More than 40 years after man first stepped foot on the moon, a new race to that pie in the sky has begun, this time by groups of entrepreneurs looking to cash in on private ventures and $30 million in prizes offered by Google.

Twenty-nine teams signed up for the competition to put an unmanned spacecraft on the moon by December 2015, and their reasons for doing so are varied and, in some cases, odd. Founders of the Moon Express project (essentially a delivery service to and from the moon) say they think the moon represents a massive, untapped market of the future, “probably the biggest wealth creation opportunity in modern history.” –BF

The New York Times:

George Xenofos, manager of NASA’s Innovative Lunar Demonstrations Data program, said he expected one or more teams to make it to the Moon. “It’s definitely not the technical issues that’s stopping them,” he said.

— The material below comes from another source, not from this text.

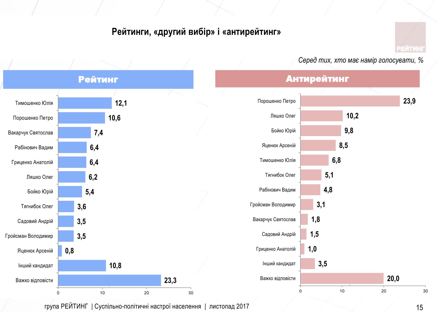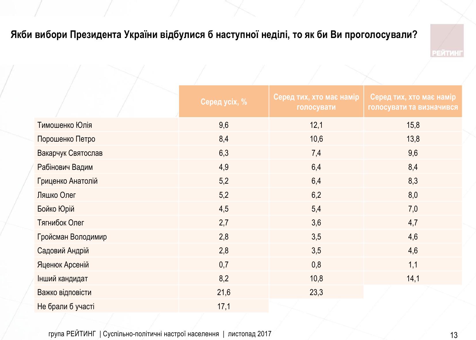 У листопаді 2017 року у президентському рейтингу лідирують Юлія Тимошенко, за яку готові віддати свої голоси 15,8% українців, і Петро Порошенко (13,8%), свідчать дані опитування Соціологічної групи "Рейтинг".

The contestants’ goals do not appear to face legal hurdles. The Outer Space Treaty of 1967, ratified by 100 nations including the United States, bars countries from claiming sovereignty over any part of the Moon, but does not prevent private companies from setting up shop. As for mining the Moon, it could fall under similar legal parameters as fishing in international waters.

Although some orbiting spacecraft have crashed into the Moon in recent years, 35 years have passed since anything from Earth made a soft landing there. To some people, this looks like an overdue invitation.